The overall goal of REACT is a systematic, safe and validatable approach to developing, training and use of digital reality with the goal to ensure  safe and reliable acting autonomous systems – especially in critical situations. In order to reach this goal, we use methods and concepts of machine learning – especially
Deep Learning and (Deep) Reinforcement Learning (RL) – to learn lower-dimensional submodels of the real world. From these submodels we compile (semi) automatically complex, high-dimensional models in order to identify and simulate the entire range of critical situations. By means of  digital reality, we virtually synthesize  the otherwise missing sensor data of critical situations and train autonomous systems so that they are able to handle critical situations safe and confident.  The aim of the project is to enhance the capabilities of autonomous systems. Therefore we continuously and  systematically validate and  align  synthetic data with reality and adapt the models where necessary.

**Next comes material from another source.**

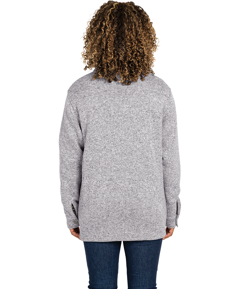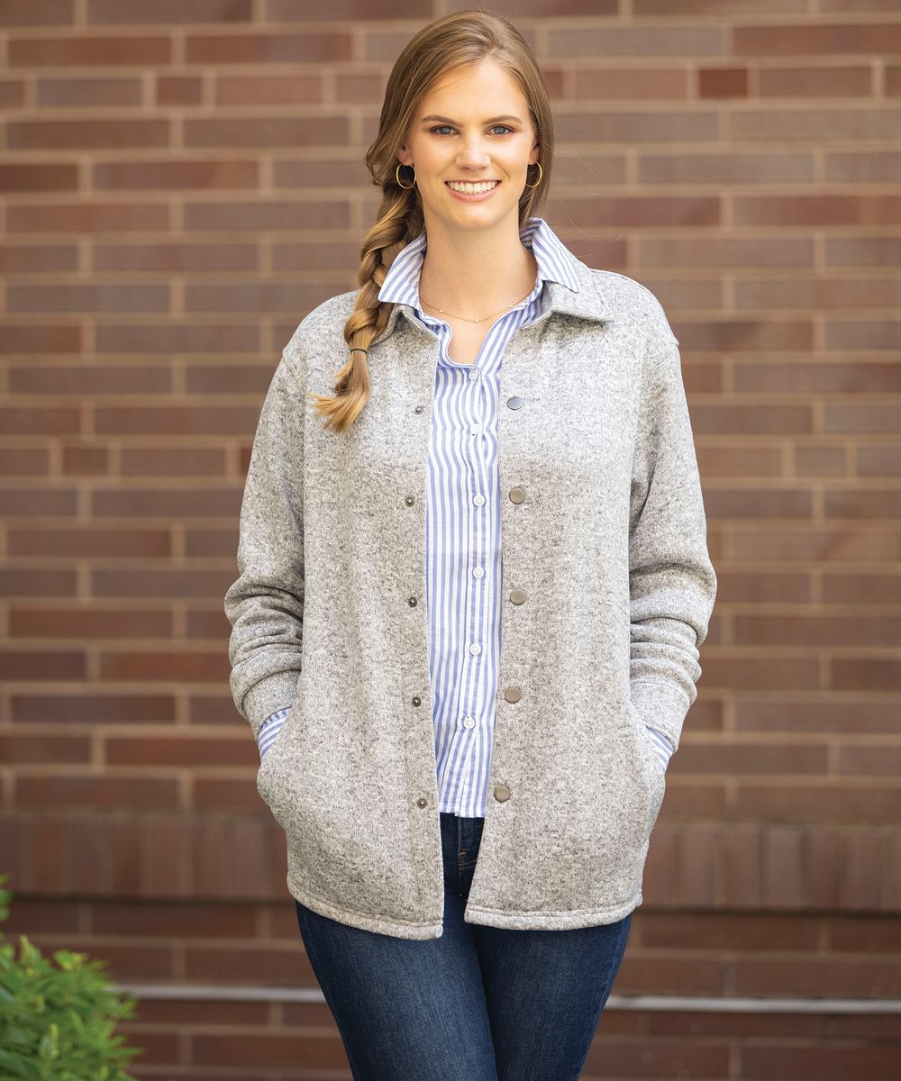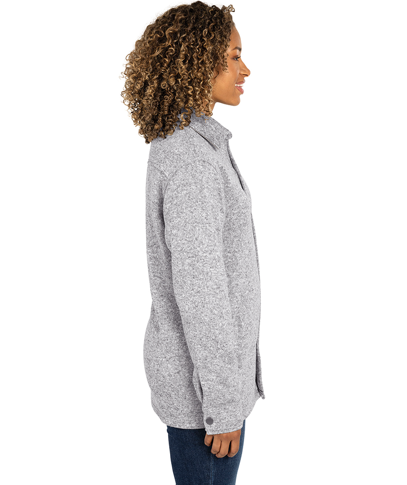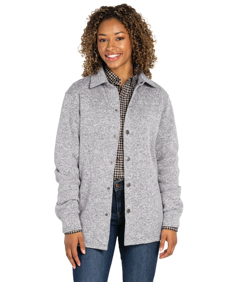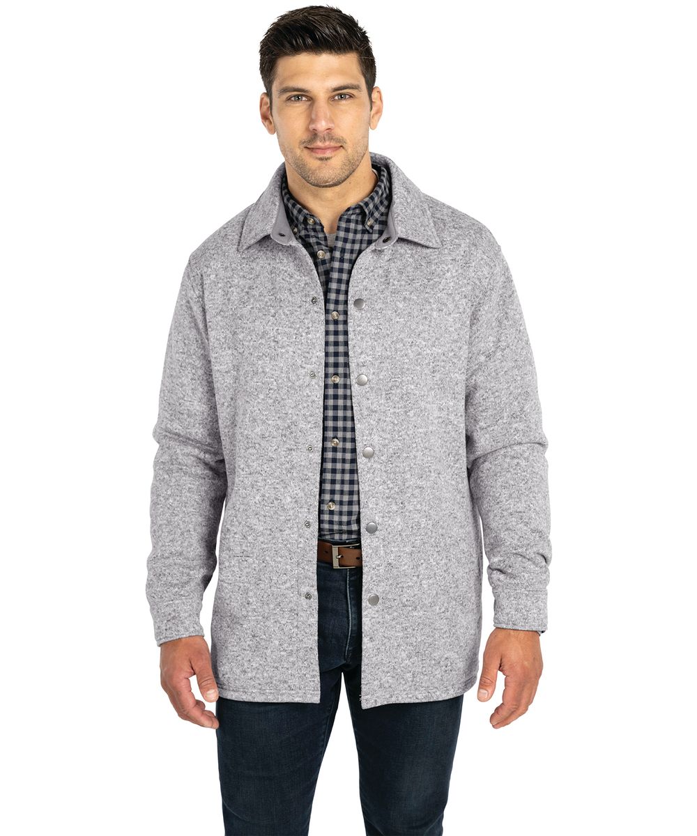 Perfect for everyday styles, the Heathered Fleece Snap Shacket is equal parts sweatshirt and jacket come together for a casual, elevated look. Made from 100% unique polyester fleece, this shacket's fabric is brushed on the inside for softness and yarn-dyed to produce a heathered appearance. Features snap placket with single-snap cuff for easy on-off. Available in multiple colors, this customized pullover makes a great giveaway at your next event!

In REACT,  we focus on pedestrians in traffic and the optimal training of autonomous vehicles. In particular, our goal is to build motion models that are as accurate as possible covering the whole bandwidth and variability of human movements in traffic situations.  We use an intelligent, agent-based simulation along with hybrid deep learning techniques, combining different techniques of Artificial Intelligence. Based on the individual submodels, we generated as automatically as possible relevant critical situations and then generate synthetic data for training.

One important aspect is the efficient and fast execution of the learning and simulation algorithms on current hardware, resulting from the use of modern compiler techniques.

Finally, we integrate the  individual modules into an open system architecture.